# One dimension kinetics

A bicyclist is finishing his repair of a flat tire when a friend rides by with a constant speed of 3.5m/s. Two seconds later the bicylicts hops on his bike and accelerates at 2.4m/s^2 until he catches his friend.
(a) How much time does it take until he catches his friend?
(b) How far has he traveled in this time?
(c) What is his speed when he catches up?

 Capuchin Posts: 5,319, Reputation: 3601 Uber Member #2 Feb 7, 2007, 12:10 AM
This should be fairly easy using suvat equations.

In a) you need an equation for s for both cyclists, equal them to each other, and solve for t.

For the other parts you are simply doing the same, making different equations for each cyclist, making them equal and solving for the number you are looking for.
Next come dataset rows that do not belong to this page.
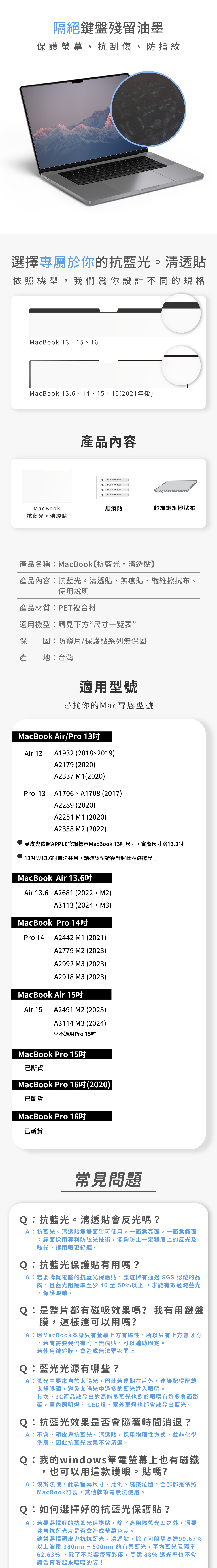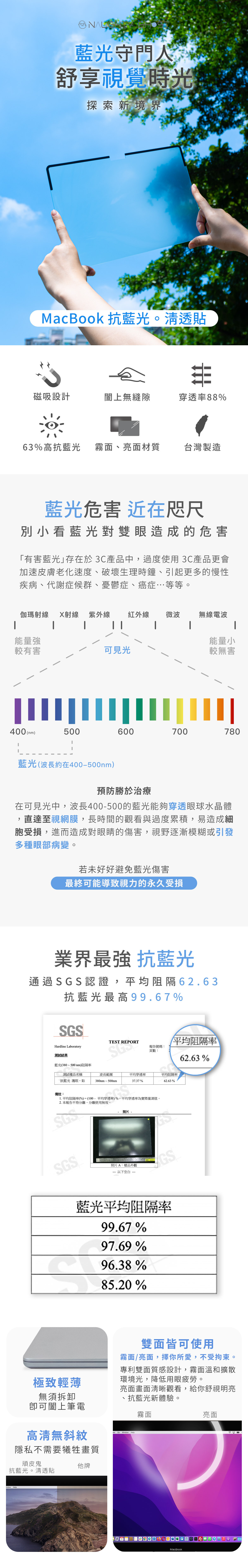 MacBook【抗藍光。清透貼】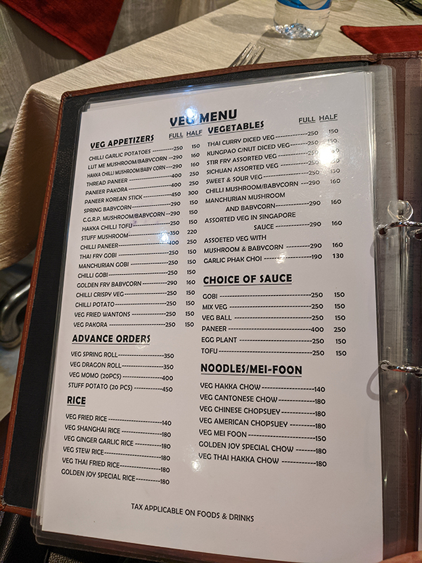Golden Joy, Menu, Veg Published June 27, 2020, 21:43 at 600 × 800 in Golden Joy (Calcutta, Jan 2020) ← Previous Next →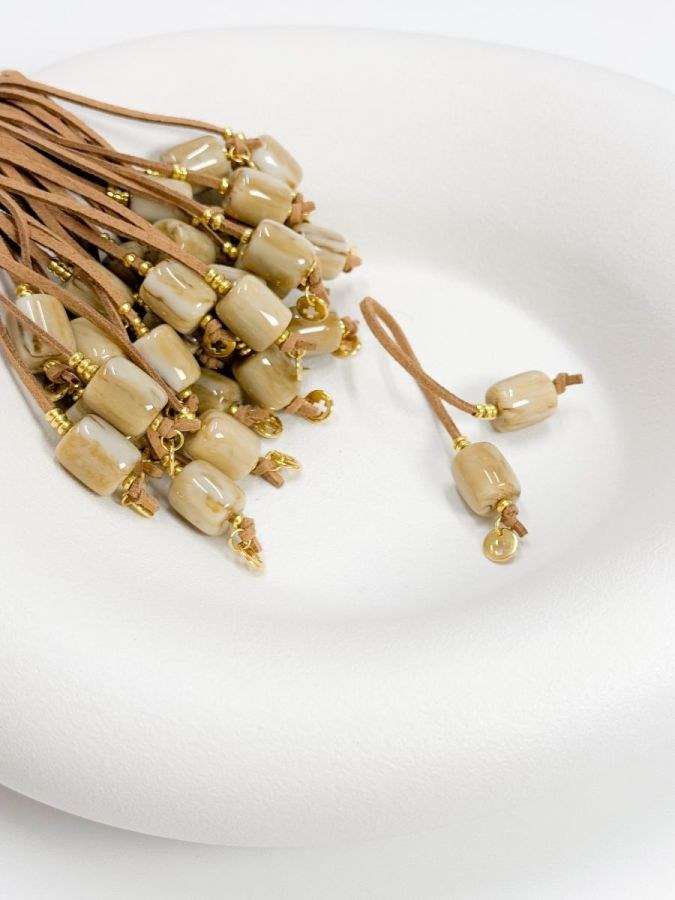 Μαρτυρικό μπεγλέρι με επιχρυσωμένο σταυρό και χάντρα με νερά σε μπέζ αποχρώσεις.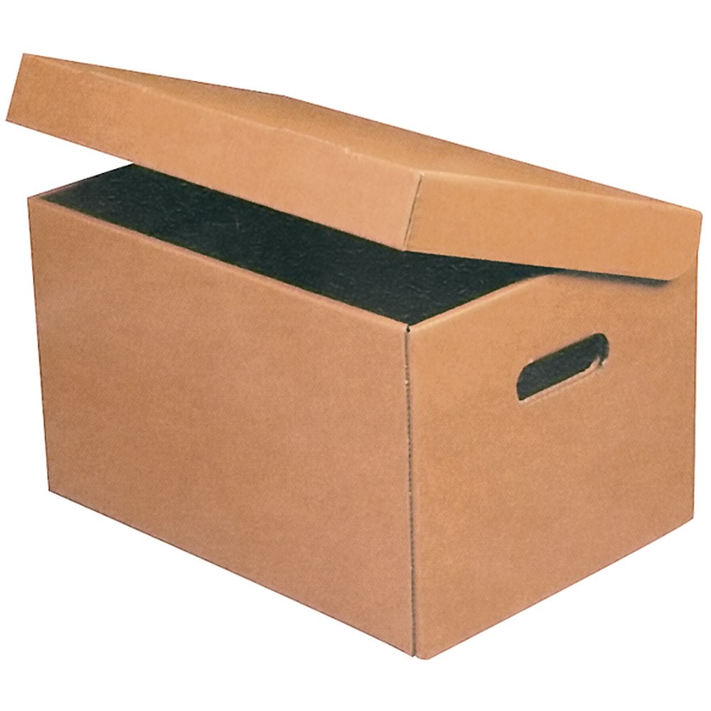 Arhivska kutija s rukohvatima, za odlaganje raznih dokumenata ili predmeta. Troslojni valoviti karton.

Let me know if you need me to go deeper than that.
 Sduduzo Posts: 2, Reputation: 10 Junior Member #3 Feb 9, 2012, 05:07 AM
If sound travels at a constant speed of 343m/s in air, how much time (in seconds) does it take for the sound of thunder to travel 1609 m?
 Sduduzo Posts: 2, Reputation: 10 Junior Member #4 Feb 9, 2012, 05:18 AM
(a)
accelaration=change in velocity/change in time
2.4 m.s-2=3.5/change in time
change in time=1.458s